Even if the nonparticipating provider is dissatisfied with the amount of the payment, it will not be permitted to balance bill the participant. The nonparticipating provider’s only option will be to pursue additional payment from the group health plan through negotiations and arbitration.
HOW WILL DISAGREEMENTS BETWEEN PLANS AND NONPARTICIPATING PROVIDERS BE RESOLVED?
If the nonparticipating provider is dissatisfied with the amount of the payment, its first step will be a demand for 30 days of negotiations. If negotiations between the nonparticipating provider and group health plan are not successful, the parties then move on to binding baseball arbitration with a certified independent dispute resolution (IDR) entity.
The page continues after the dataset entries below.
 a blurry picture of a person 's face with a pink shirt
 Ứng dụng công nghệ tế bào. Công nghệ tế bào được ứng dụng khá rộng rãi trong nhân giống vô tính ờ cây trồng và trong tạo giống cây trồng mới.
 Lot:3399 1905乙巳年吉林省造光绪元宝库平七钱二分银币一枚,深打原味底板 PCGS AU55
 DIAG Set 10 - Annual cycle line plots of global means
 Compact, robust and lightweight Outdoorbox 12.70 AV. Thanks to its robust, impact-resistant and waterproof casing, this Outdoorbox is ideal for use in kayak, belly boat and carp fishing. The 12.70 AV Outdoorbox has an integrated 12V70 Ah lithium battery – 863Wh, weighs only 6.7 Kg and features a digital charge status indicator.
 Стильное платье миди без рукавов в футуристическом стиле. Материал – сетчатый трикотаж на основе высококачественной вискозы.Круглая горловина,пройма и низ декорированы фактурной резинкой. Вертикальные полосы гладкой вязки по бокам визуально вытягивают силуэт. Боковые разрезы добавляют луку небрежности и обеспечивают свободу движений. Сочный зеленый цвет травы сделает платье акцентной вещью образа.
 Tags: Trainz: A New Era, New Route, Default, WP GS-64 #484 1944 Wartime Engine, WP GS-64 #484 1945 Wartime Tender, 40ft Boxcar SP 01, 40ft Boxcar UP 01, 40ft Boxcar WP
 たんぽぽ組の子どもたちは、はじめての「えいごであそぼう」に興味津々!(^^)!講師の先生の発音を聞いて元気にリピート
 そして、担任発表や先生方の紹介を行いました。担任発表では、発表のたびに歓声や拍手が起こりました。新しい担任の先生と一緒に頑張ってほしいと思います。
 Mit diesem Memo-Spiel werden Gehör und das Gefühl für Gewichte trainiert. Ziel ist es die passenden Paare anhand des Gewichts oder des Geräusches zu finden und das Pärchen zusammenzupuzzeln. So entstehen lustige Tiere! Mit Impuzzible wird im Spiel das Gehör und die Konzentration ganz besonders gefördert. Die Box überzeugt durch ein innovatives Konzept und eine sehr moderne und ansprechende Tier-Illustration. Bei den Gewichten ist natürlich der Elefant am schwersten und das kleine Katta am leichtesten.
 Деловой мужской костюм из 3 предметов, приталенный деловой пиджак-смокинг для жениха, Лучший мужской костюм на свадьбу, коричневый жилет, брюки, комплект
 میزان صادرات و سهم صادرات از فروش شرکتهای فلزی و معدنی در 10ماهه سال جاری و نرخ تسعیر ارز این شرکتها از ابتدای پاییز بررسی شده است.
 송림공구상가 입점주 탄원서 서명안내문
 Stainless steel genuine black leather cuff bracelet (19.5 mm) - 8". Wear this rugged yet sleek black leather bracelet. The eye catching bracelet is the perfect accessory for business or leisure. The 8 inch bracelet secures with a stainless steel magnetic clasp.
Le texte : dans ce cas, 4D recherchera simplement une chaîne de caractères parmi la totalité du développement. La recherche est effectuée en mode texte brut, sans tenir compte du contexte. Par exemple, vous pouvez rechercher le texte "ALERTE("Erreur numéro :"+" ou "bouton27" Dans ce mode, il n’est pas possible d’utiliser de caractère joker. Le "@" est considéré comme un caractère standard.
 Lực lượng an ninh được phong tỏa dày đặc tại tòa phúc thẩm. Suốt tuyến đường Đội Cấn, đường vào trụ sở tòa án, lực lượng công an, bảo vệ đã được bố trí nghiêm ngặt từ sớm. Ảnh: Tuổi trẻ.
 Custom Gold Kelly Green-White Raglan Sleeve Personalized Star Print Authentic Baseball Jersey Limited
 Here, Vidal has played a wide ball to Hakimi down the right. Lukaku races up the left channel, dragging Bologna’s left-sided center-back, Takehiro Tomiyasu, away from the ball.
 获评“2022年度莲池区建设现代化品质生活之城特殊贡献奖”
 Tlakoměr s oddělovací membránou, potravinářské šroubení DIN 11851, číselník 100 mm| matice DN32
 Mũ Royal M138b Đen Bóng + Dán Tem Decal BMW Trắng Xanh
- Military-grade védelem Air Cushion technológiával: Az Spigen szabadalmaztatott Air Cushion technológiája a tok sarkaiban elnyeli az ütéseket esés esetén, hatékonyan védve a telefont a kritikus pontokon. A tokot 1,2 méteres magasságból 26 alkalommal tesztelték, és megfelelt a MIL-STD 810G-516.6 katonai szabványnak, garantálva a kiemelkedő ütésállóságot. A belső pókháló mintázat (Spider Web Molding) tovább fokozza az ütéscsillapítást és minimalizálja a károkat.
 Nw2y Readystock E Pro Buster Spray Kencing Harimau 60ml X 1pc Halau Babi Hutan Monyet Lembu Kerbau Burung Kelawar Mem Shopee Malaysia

Once the IDR entity is selected, the parties have 10 days to submit a proposed payment amount along with supporting documentation. The IDR entity then has 30 days to pick one of the two amounts. The CAA lists factors that the IDR entity may consider in deciding between the two amounts (including contracted rates and the provider’s good faith efforts to join networks). However, the IDR entity is not permitted to consider Medicare or Medicaid rates or the provider’s billed charge.
If the IDR entity picks an amount that exceeds the group health plan’s initial payment, the group health plan must then pay the difference to the nonparticipating provider. Also, the “loser” (i.e., the party that submitted the amount that was not picked by the IDR entity) has to pay the IDR fees.
The CAA also gives a participant in a non-grandfathered plan the option to request external review of claims subject to the surprise medical billing protections. It is not clear how the arbitration and external review processes will be coordinated.
CAN A NONPARTICIPATING PROVIDER ASK A PARTICIPANT TO WAIVE SURPRISE MEDICAL BILLING PROTECTIONS?
Participant waiver of the surprise medical billing protections is permissible in narrow circumstances. A nonparticipating provider at a participating facility will be permitted to balance bill (and the surprise medical billing protections will not apply) if and only if:
- The nonparticipating provider is not providing “ancillary services” (i.e., emergency medicine, anesthesiology, pathology, radiology, neonatology and diagnostic services) or other services where there isn’t an available participating provider at the facility;
- The nonparticipating provider gives advance notice of its nonparticipating status and a good faith estimate of its charge; and
- The participant consents to be balance billed.
The details are TBD: the tri-agencies (IRS, DOL and HHS) will be issuing regulations on multiple aspects of these CAA surprise medical billing requirements. Even so, you may want to start conversations with your group health plan’s claims administrator. An employer retains legal responsibility for a self-insured group health plan’s compliance but, for something like this, the employer is going to have to rely on its claims administrator to put in place legally compliant processes.